Toutes les félicitations échangées parmi les habitants de la Clef-d’Or, quand on les eut laissés tranquilles ; le débordement de joie et de bonheur qu’ils ressentaient ; la difficulté où Barnabé en personne se trouvait de l’exprimer autrement qu’en allant comme un fou de l’un à l’autre, jusqu’à ce qu’enfin, ayant recouvré plus de calme, il vint s’étendre par terre auprès de la couche de sa mère, et y tomba dans un profond sommeil : tout cela n’a pas besoin de se dire ; heureusement, car ce ne serait pas facile à décrire, si c’était nécessaire à notre récit.

Avant de quitter cette scène charmante, nous ferons bien de jeter un coup d’œil sur un tableau plus sombre et d’un genre tout différent, qui, cette nuit-là même, avait eu un petit nombre de spectateurs.

C’était dans un cimetière, à l’heure de minuit ; il n’y avait d’autres assistants qu’Édouard Chester, un ministre, un fossoyeur, et les quatre porteurs d’une bière grossière. Ils se tenaient tous debout autour d’une fosse nouvellement creusée, et l’un des porteurs tenait à la main une lanterne sourde, la seule lumière qui éclairât ces lieux funèbres, pour répandre sa faible lueur sur le livre d’offices. Il la plaça un moment sur le cercueil, avant de la descendre avec l’aide de ses compagnons.

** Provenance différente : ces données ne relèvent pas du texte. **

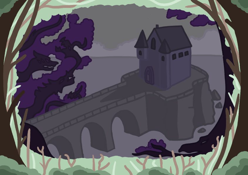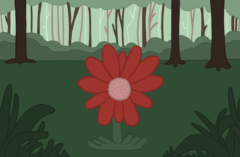 The colour palettes in the animation vary between bright greens and deeper purples to signify an environmental and mental change as the protagonist continues on her journey for answers.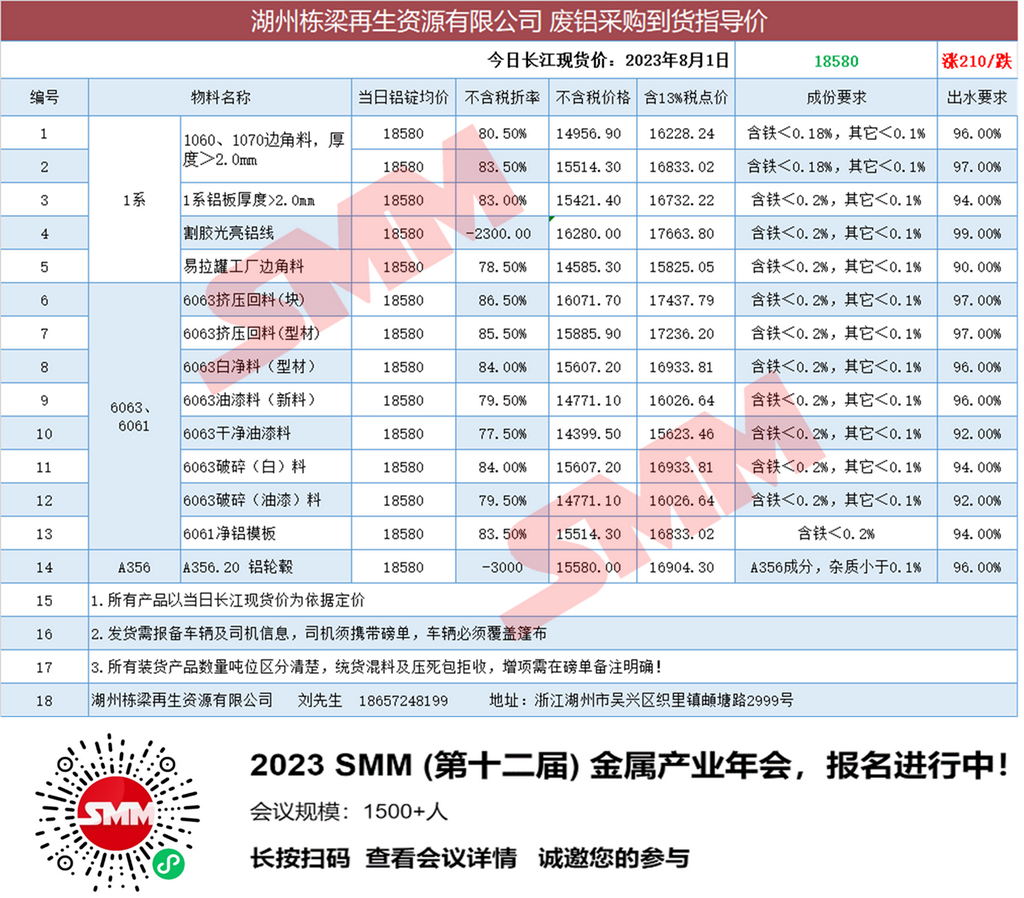 8月1日湖州栋梁再生 废铝采购报价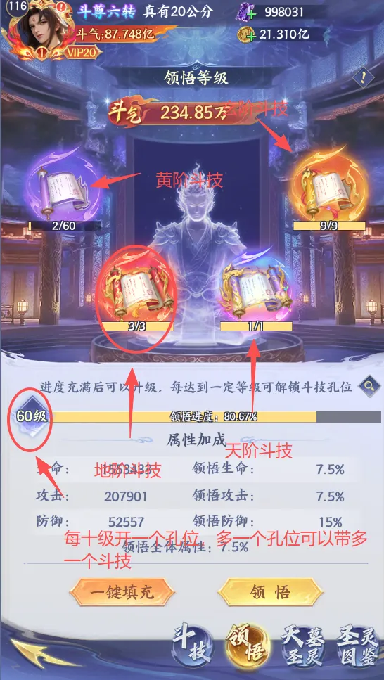 不要担心溢出来的天阶斗技和地阶斗技每地方消耗,后面领悟板块需要大把斗技。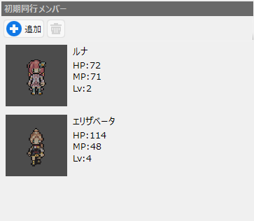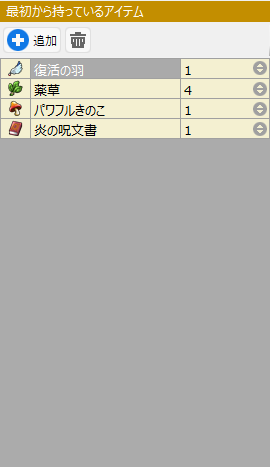 主人公がゲーム開始時から所持しているアイテムを設定します。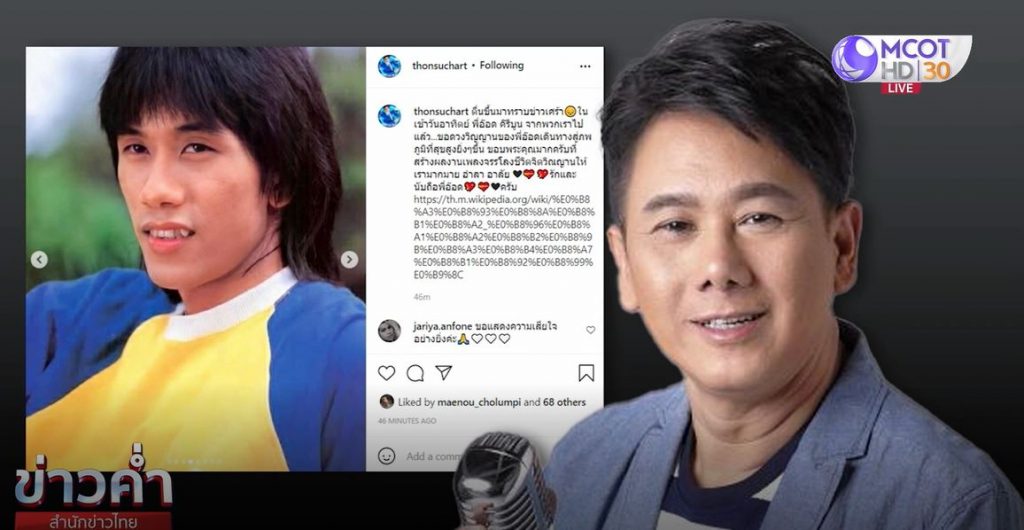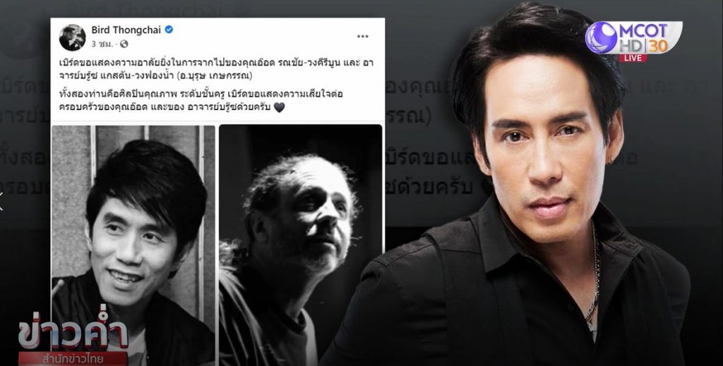 เบิร์ด-ธงไชย แมคอินไตย์ ศิลปินชื่อดัง โพสต์เฟซบุ๊กในเพจ Bird Thongchai เพื่อไว้อาลัยต่อการจากไปของ อ๊อด คีรีบูน หรือนายรณชัย ถมยาปริวัฒน์ ศิลปินชื่อดัง กับ อ.บุรุษ เกษกรรณ หรือบรูซ แกสตัน ศิลปินแห่งวงฟองน้ำ ที่จากไปในวันนี้พร้อมๆ กัน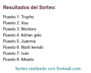 Lista de participantes: Alberto, Ivan, Montoro, Trupho, Marti kenobi, Xou, Juanma, Adrian golo.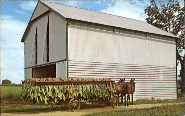 tobacco and pulled by a team of mules is shown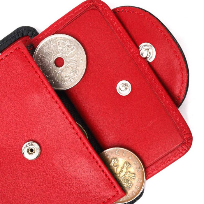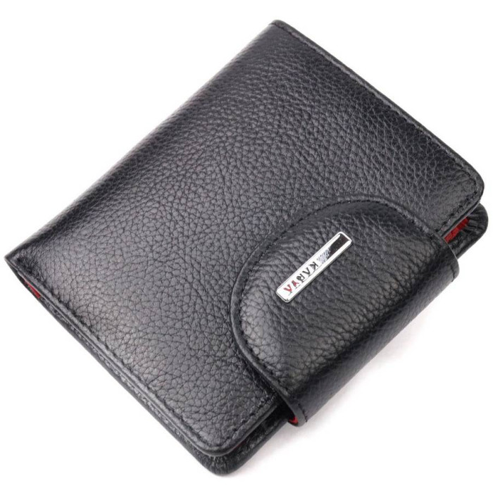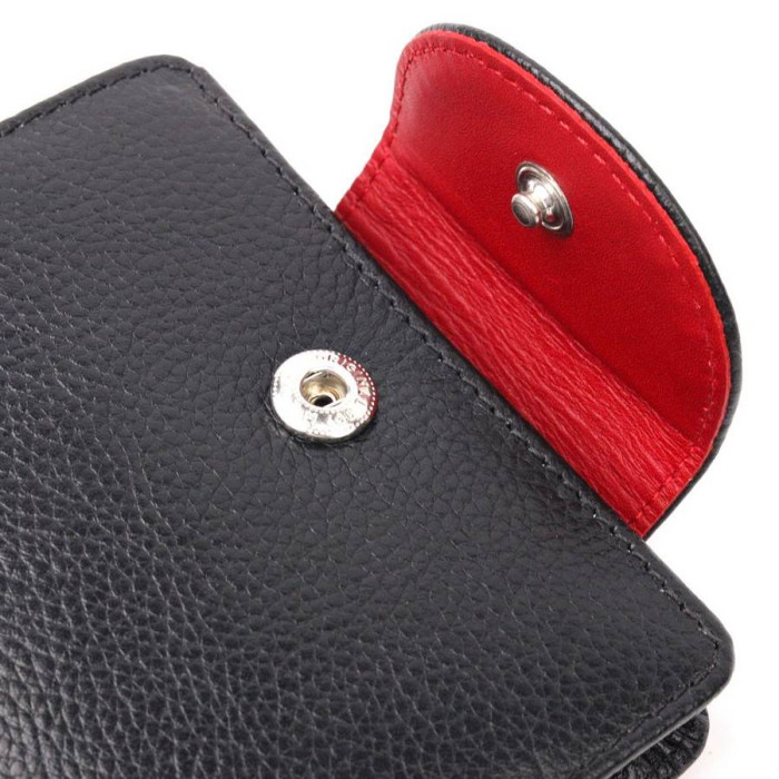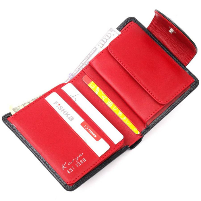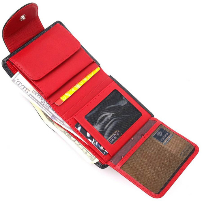 Классический женский кошелек из натуральной кожи черный снаружи и красный внутри. Складывается аксессуар пополам, закрывается клапаном на кнопку. Качественная фурнитура дополняет и украшает изделие. Такой кошелек из натуральной кожи - это идеальный вариант на каждый день для тех, кто ценит качество, удобство и комфорт, а также будет отлично дополнять Ваш повседневный образ. Упакован аксессуар в фирменную коробку и пакет бренда. Изделия из натуральной кожи всегда будут отличным подарком для близкого человека.
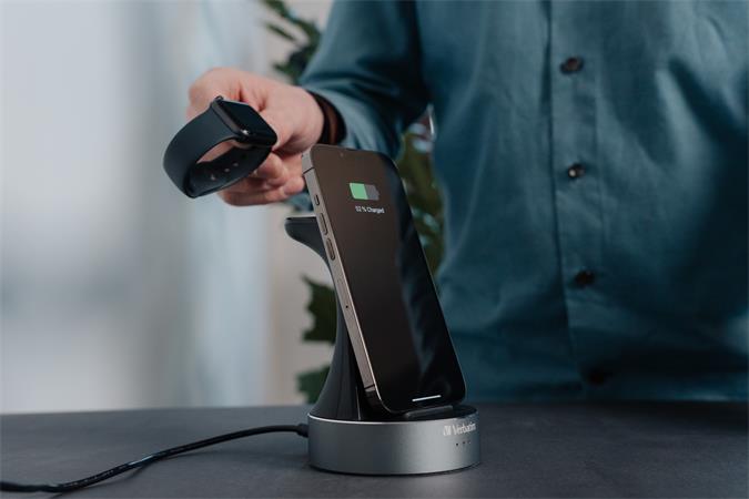 Bezdrôtová nabíjacia stanica Verbatim poskytuje bezdrôtové nabíjanie pre vaše zariadenia Apple počas spánku. Stačí umiestniť každé zariadenie na určené miesto a nabíjanie sa začne pri kontakte. Nabíjajte hodinky Apple Watch a iPhone (8 alebo novší) alebo iné bezdrôtové nabíjacie zariadenia s certifikáciou Qi pomocou nabíjacej stanice 2 v 1 od Verbatimu. -2 v 1: pre Apple Watch a iPhone (8 alebo novší) alebo iné bezdrôtové nabíjacie zariadenie s certifikáciou Qi -vstavaný magnetický nabíjací modul Apple Watch: kompatibilný so všetkými sériami Apple Watch vrátane 7, 8 a Ultra; 5V/1A pre Apple Watch (vyrobené s certifikátom Apple Watch) - nie je potrebné odstraňovať puzdro na telefón, pretože nabíjacia plocha dokáže nabiť vo väčšine prípadov až do hrúbky 3 mm - plný výkon: max. 20W (Apple Watch: 5W, bezdrôtové nabíjanie: max. 15W) - funkcie nabíjania sú chránené proti nadprúdu a prepätiu - certifikácia MFi - certifikácia Qi - kompaktný dizajn - hliníková základňa - 1,5 m kábel - súčasťou balenia sieťový adaptér: So zástrčkou pre EÚ a Spojené kráľovstvo - napájanie: 9V/3A 27W - veľkosť nabíjacieho tela: 116,5 x 89 x 130 mm - automaticky rozpozná prítomnosť a odstránenie predmetov - detekcia cudzích predmetov - záruka 2 roky
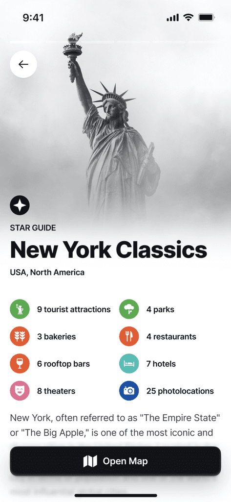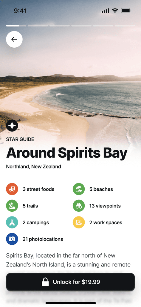 Before buying a guide, travellers can view it's outline, which includes locations summary, brief description and a map showing the area where recommended locations are in.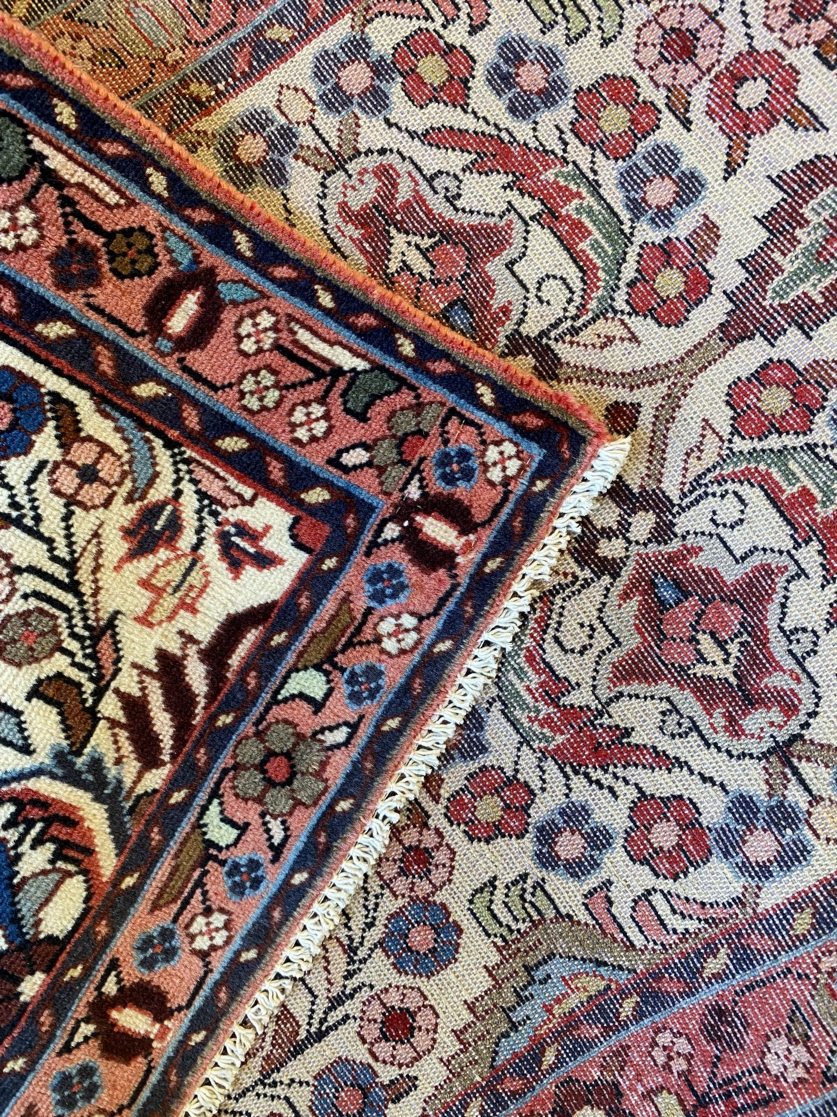 SOLID & DENSE WOOLLEN PILE. HAND-KNOTTED WEAVE FROM THE NORTH-WESTERN AZERBAIJAN PROVINCE WITH TRADITIONAL DESIGN OF ALL-OVER FLORAL SPRAYS & RAMBLING TENDRILS. BORDER OF FLOWER HEADS & TENDRILS. THE ENTIRE IN SHADES OF CREAM, FRENCH BLUE, PEACH & TERRACOTTA.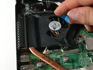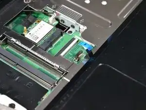 Отсоедините синий язычок, расположенный прямо над тачпадом ноутбука.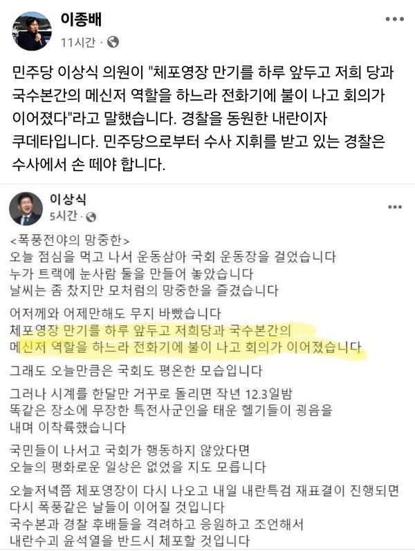 이 의원은 “경찰이 민주당을 위해 불법적으로 대통령을 체포하겠다는 것은 국기문란이자 명백한 불법이다. 따라서 경찰은 수사에서 손을 떼야 한다. 민주당의 수사 지휘를 받아 불법적으로 대통령을 체포한다면 반드시 혹독한 심판을 받을 것이다”라며, 강하게 경고했다.
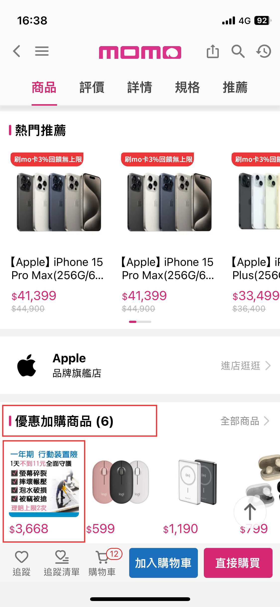 加購行動裝置險,最高回饋300mo幣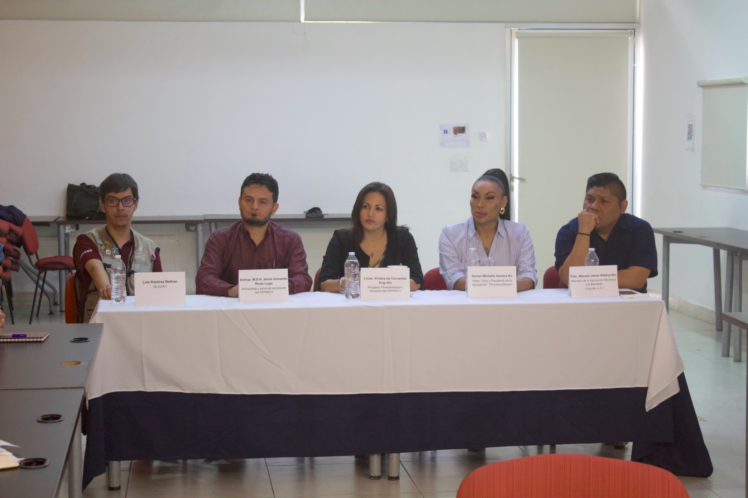 Para garantizar una visión integral, multidisciplinaria y humana, el foro contó con la participación de un panel de especialistas de la sociedad civil y del ámbito gubernamental, entre quienes se encontraron la presidenta de la Agrupación Princesas Mayas, Dorian Michelle Herrera Ku; el coordinador de Planeación del Cepredy, Jesús Armando Rivas Lugo; la directora del Cepredy, Vivianne De Cervantes Eng-Jim; y el representante de la Asociación Civil Yaxché, Manuel Aldana Nic.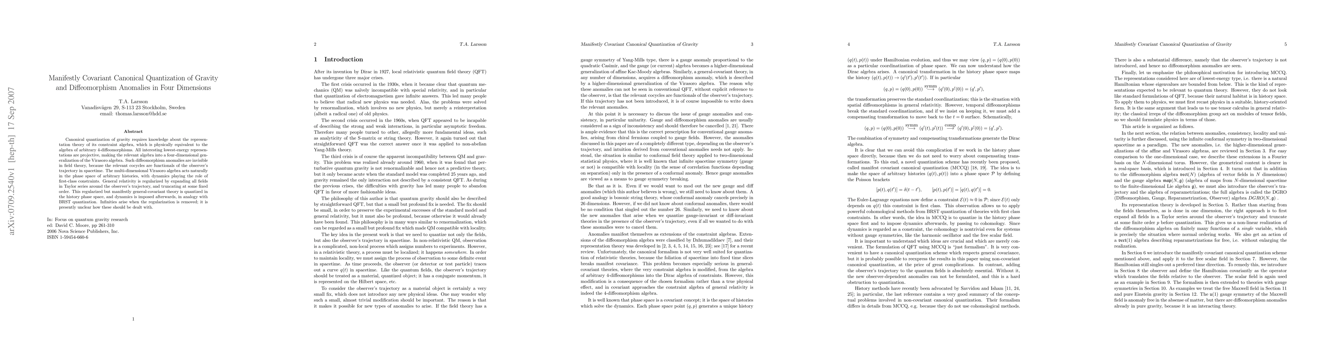 Canonical quantization of gravity requires knowledge about the representation theory of its constraint algebra, which is physically equivalent to the algebra of arbitrary 4-diffeomorphisms. All interesting lowest-energy representations are projective, making the relevant algebra into a four-dimensional generalization of the Virasoro algebra. Such diffeomorphism anomalies are invisible in field theory, because the relevant cocycles are functionals of the observer's trajectory in spacetime. The multi-dimensional Virasoro algebra acts naturally in the phase space of arbitrary histories, with dynamics playing the role of first-class constraints. General relativity is regularized by expanding all fields in Taylor series around the observer's trajectory, and truncating at some fixed order. This regularized but manifestly general-covariant theory is quantized in the history phase space, and dynamics is imposed afterwards, in analogy with BRST quantization. Infinities arise when the regularization is removed; it is presently unclear how these should be dealt with.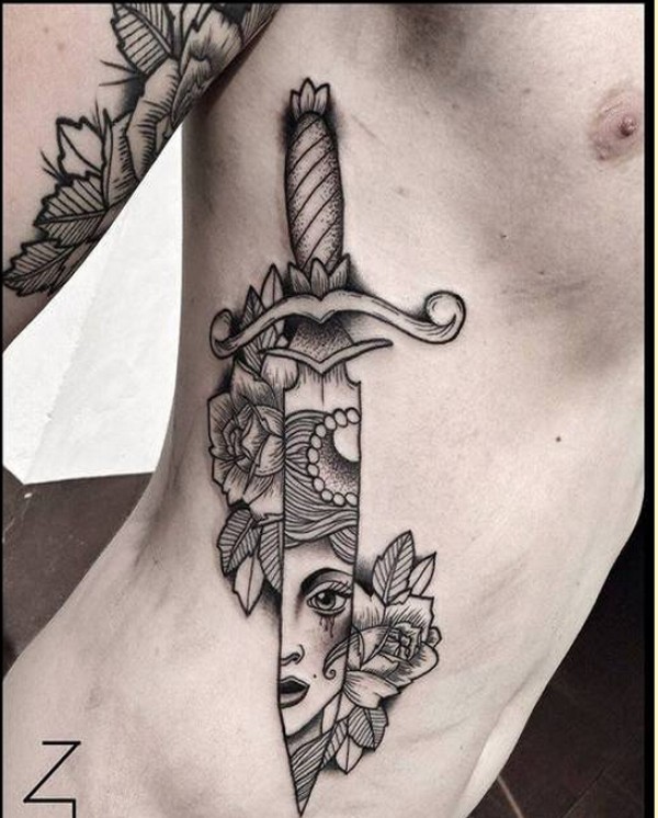时尚男士侧腰好看的玫瑰花匕首纹身图图片

Le couvercle de la bière ne portait aucune inscription.

La terre humide retomba avec un bruit solennel sur la dernière demeure de cet homme sans nom ; et le bruit du gravier laissa un triste écho même dans l’oreille endurcie de ceux qui l’avaient porté à son dernier asile. La fosse fut remplie jusqu’au haut, puis aplanie en piétinant dessus, et ils s’en allèrent tous ensemble.

« Vous ne l’avez jamais vu de son vivant ? demanda le ministre à Édouard.

— Pardon, souvent, mais il y a bien des années, et je ne me doutais pas que ce fût mon frère.

— Jamais depuis ?

— Jamais. J’ai voulu le voir hier, mais il s’y est refusé obstinément, malgré les instances répétées que j’ai fait faire auprès de lui.

— Et il a refusé de vous voir ? Il fallait que ce fût un cœur endurci et dénaturé.

— Croyez-vous ?

— Vous avez l’air de n’être pas de mon avis ?

— En effet. Nous entendons tous les jours le monde s’étonner de voir ce qu’il appelle des monstres d’ingratitude. Ne dirait-on pas qu’il s’attendait plutôt à voir partout des monstres d’affection, comme si c’était la chose la plus naturelle ? »

Cependant ils étaient arrivés à la porte de la grille. Là ils se souhaitèrent bonne nuit, et s’en retournèrent chacun chez soi.